_Exercise objective:_
Return, with both end lines included, exactly what the data below holds from the line with "Women's 100% Cashmere" through the line with "Schauma 7 ziół", though not the pictures.

_Input material:_
# # #
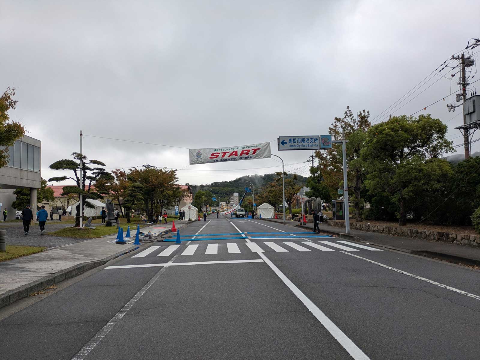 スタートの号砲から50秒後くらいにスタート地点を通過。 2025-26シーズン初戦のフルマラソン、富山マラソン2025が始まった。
# # #
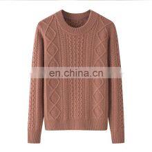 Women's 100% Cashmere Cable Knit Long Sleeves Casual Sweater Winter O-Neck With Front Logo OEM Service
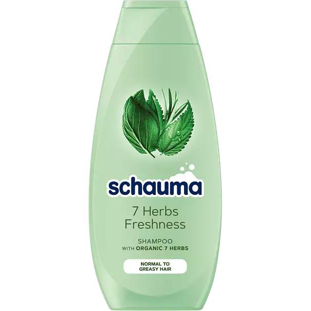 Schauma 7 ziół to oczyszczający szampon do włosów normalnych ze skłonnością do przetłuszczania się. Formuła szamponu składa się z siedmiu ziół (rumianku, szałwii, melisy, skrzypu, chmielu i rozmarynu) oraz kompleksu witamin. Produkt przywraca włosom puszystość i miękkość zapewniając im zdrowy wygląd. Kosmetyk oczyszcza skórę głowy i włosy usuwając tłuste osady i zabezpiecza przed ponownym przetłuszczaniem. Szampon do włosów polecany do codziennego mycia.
# # #
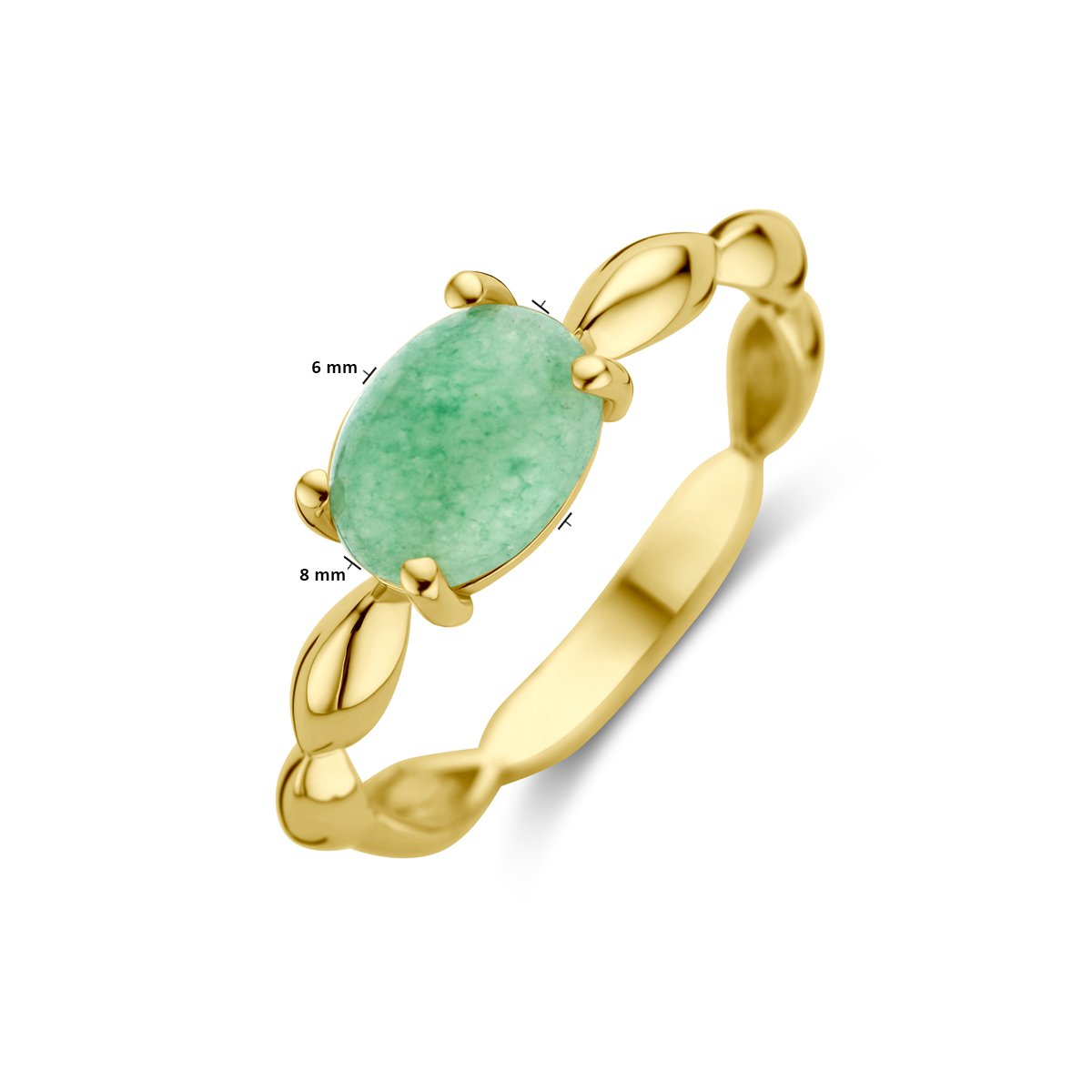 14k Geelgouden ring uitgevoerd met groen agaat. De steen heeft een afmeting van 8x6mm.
# # #
_Answer area:_
 Women's 100% Cashmere Cable Knit Long Sleeves Casual Sweater Winter O-Neck With Front Logo OEM Service
 Schauma 7 ziół to oczyszczający szampon do włosów normalnych ze skłonnością do przetłuszczania się. Formuła szamponu składa się z siedmiu ziół (rumianku, szałwii, melisy, skrzypu, chmielu i rozmarynu) oraz kompleksu witamin. Produkt przywraca włosom puszystość i miękkość zapewniając im zdrowy wygląd. Kosmetyk oczyszcza skórę głowy i włosy usuwając tłuste osady i zabezpiecza przed ponownym przetłuszczaniem. Szampon do włosów polecany do codziennego mycia.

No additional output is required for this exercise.